Paul remains concerned about the long-term impact on employment. While he believes AI is a net positive for the economy, he anticipates a challenging period of both unemployment and, more importantly, underemployment.
Regarding the balance between automation and augmentation, Paul suggests a shift based on seniority:
- Entry/Mid-Level: Likely to face higher rates of automation for tactical, repetitive tasks.
- Senior Level: AI serves as a powerful "strategic thought partner," helping leaders make better decisions and perform tactical work that they previously had to delegate.
The "No-Brainer" Use Case
Question: What is an AI use case that feels like a no-brainer but most companies haven't tried?
The most valuable, underutilized application is the Strategic Thought Partner.
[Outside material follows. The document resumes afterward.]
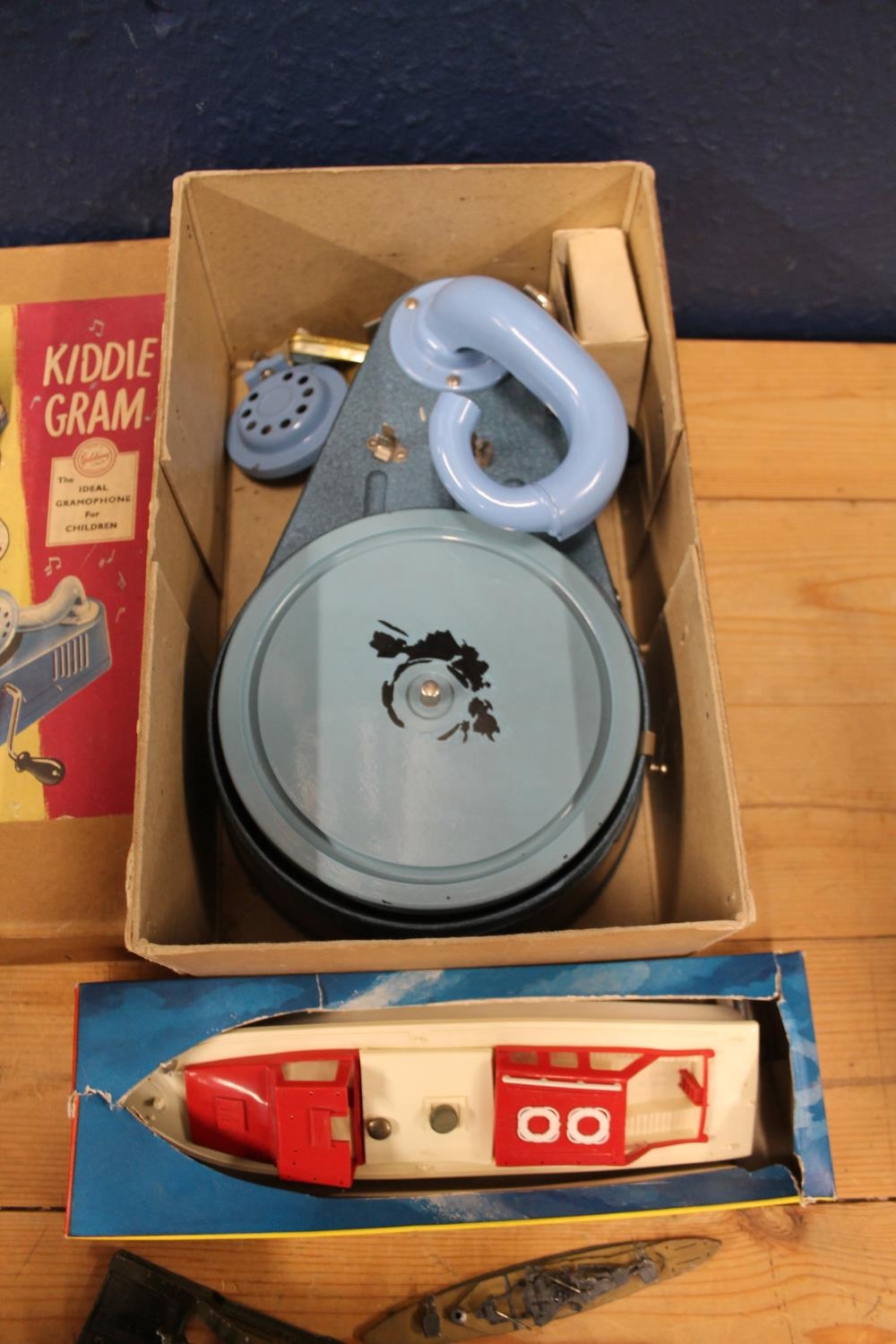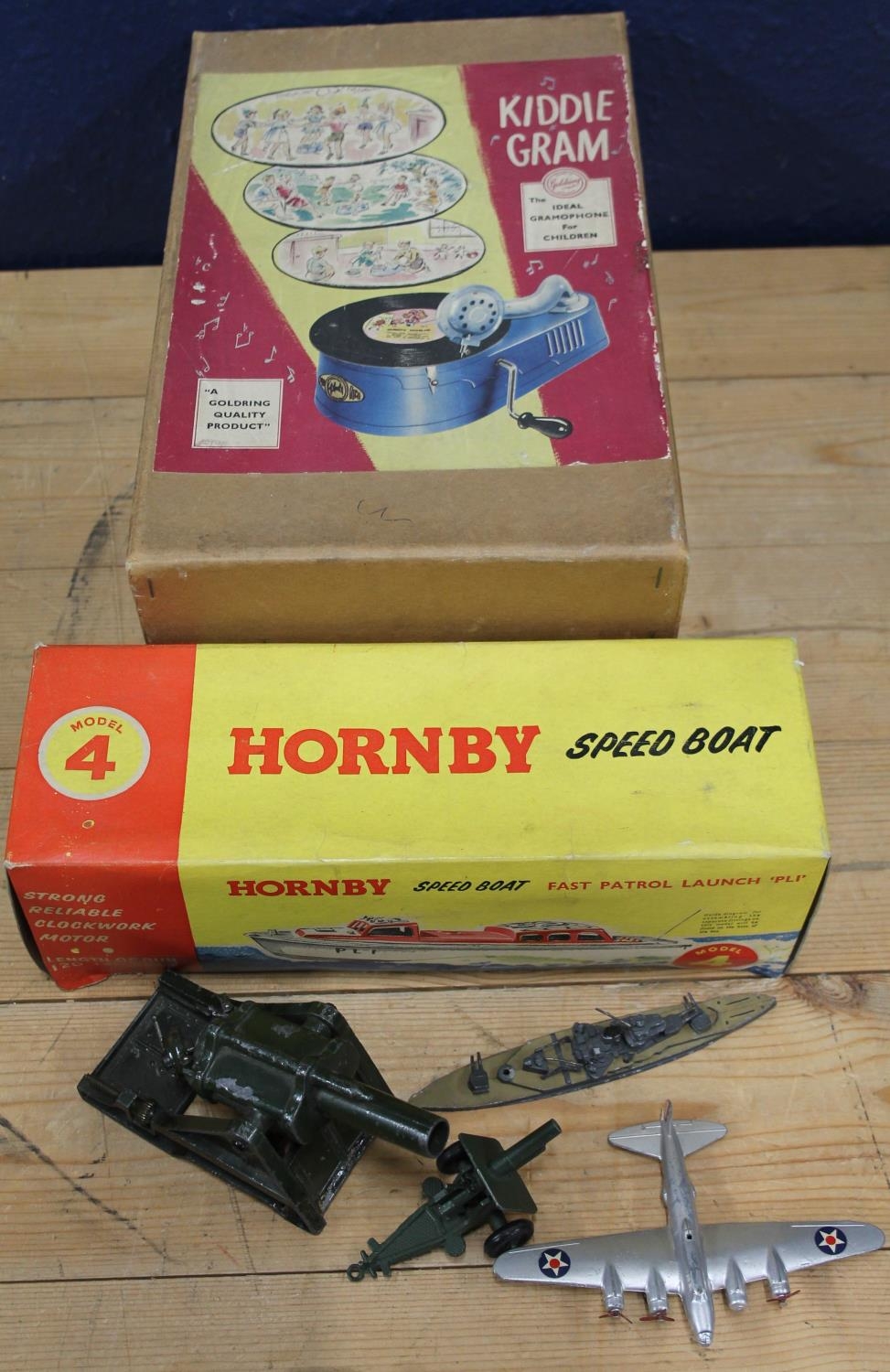 Hornby model 4 Speed Boat boxed. Goldring of England Kiddie Gram gramophone for children, boxed. Diecast model of an artillery gun, patent number 105728, registration number 658723, Dinky Toys Boeing Flying Fortress model, etc.

If you aren't using the advanced reasoning models (like the latest versions of Claude, Gemini, or ChatGPT) to help brainstorm strategies, solve complex problems, or critique your logic, you are leaving massive value on the table.
Paul suggests a high-value workflow:
- Run the same prompt through three or four different AI models.
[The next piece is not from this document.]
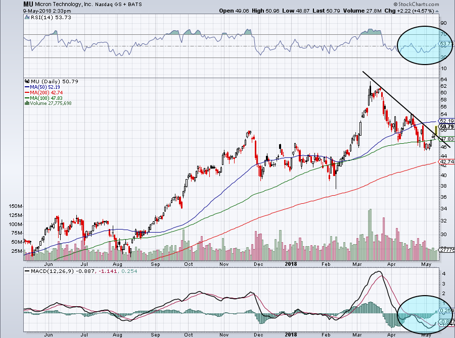 Now though, Wednesday’s 4.5% rally has thrust MU back above downtrend resistance. The momentum-measuring MACD and overbought/oversold indicator that is the RSI (both in blue circles) bode well for bulls as well.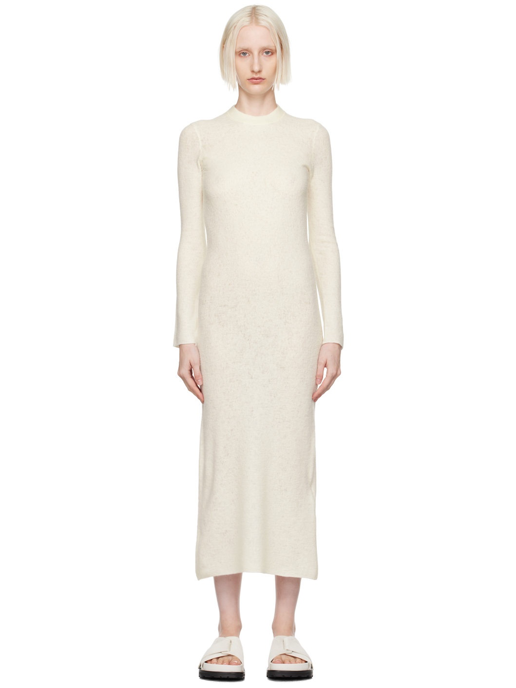 Felted boiled knit wool dress. · Layered construction · Rib knit crewneck · Cotton jersey underlay Supplier color: Eggshell Body 1: 100% wool. Body 2: 100% cotton. Made in Italy 242249F055002

- Choose the best output as your "primary" thread.
- Use the other models to critique and refine that primary output.
This process might take a few hours, but it replaces weeks of manual labor and significantly improves the quality of the final result.
Strategic AI Governance
Question: Where is governance necessary, and where does it get in the way?
Governance is non-negotiable when a use case involves:
- Access to proprietary or sensitive data.
- Autonomous agents that make external decisions or interact with customers.
If an AI agent is empowered to email a customer or alter a database, you need guardrails. However, governance often becomes bloated and kills innovation. Paul recommends creating a "Center of Excellence" or a smaller subcommittee that can test and experiment in a sandbox without being slowed down by the bureaucracy of the entire organization.
Final Advice for Leaders
Paul emphasizes that the most common mistake in AI strategy is the failure to start with AI literacy. You cannot effectively manage, budget for, or delegate an AI strategy if you don't personally understand the technology's capabilities.
His final message to those struggling to get started: Start small. Don't wait for a mandate from the top. Find one painful task—like a Sunday night reporting chore—and build a custom tool to automate it. Once an employee experiences the "life-changing" benefit of offloading a mundane task, they will naturally become an advocate for further experimentation.